See the source code of sample in torch.distributions.normal.Normal:
def sample(self, sample_shape=torch.Size()):
shape = self._extended_shape(sample_shape)
with torch.no_grad():
return torch.normal(self.loc.expand(shape), self.scale.expand(shape))
torch.normal returns a tensor of random numbers. Also, torch.no_grad() context prevents the computation graph from growing any further.
You see, we cannot backprop. The returned tensor of sample() contains just some numbers, not the whole computational graph.
So, what is rsample()?
By using rsample, we can backpropagate, because it keeps the computation graph alive.
How? By putting the randomness aside in a separate parameter.
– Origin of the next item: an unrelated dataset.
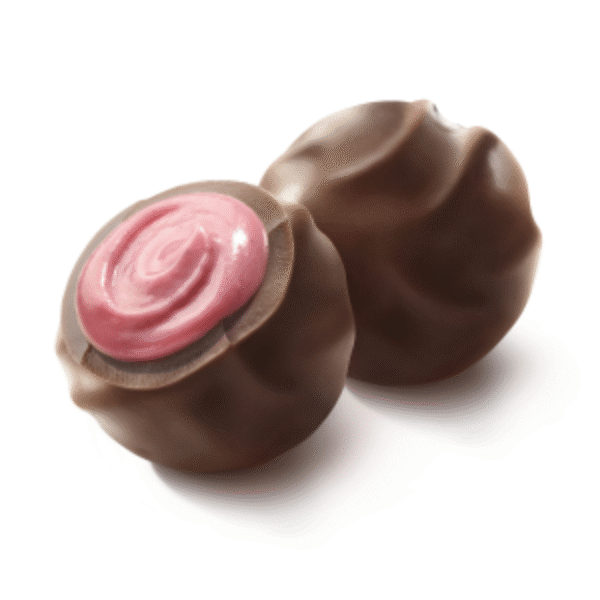 Ingredienser: Sukker, kakaomasse, vegetabilske oljer (palme, shea), skummet MELKEpulver, kondensert MELK, kakaosmør, glukose-fruktosesirup, kirsebærpuré, hel MELKEpulver, emulgator (SOYA-lecitin), aromaer, etylalkohol, ekstrakt av rødbetesaft. Kan inneholde spor av NØTTER og GLUTEN.

This is called the "reparameterization trick".
rsample: sampling using reparameterization trick.
There is eps in the source code:
def rsample(self, sample_shape=torch.Size()):
shape = self._extended_shape(sample_shape)
eps = _standard_normal(shape, dtype=self.loc.dtype, device=self.loc.device)
return self.loc + eps * self.scale
# `self.loc` is the mean and `self.scale` is the standard deviation.
eps is the separate parameter responsible for the randomness of the sampling.
Look at the return: mean + eps * standard deviation
eps does not depend on the parameters you want to differentiate with respect to.
So, now you can freely backpropagate(=differentiate) because eps does not change when the parameters change.
(If we change the parameters, the distribution of the reparameterized samples does change because self.loc and self.scale change, but the distribution of the eps does not change.)
Note that the randomness of the sampling comes from the random sampling of the eps. There is no randomness in the computation graph itself. Once eps is chosen, it is fixed. (the distribution of the elements of the eps is fixed, after they are sampled.)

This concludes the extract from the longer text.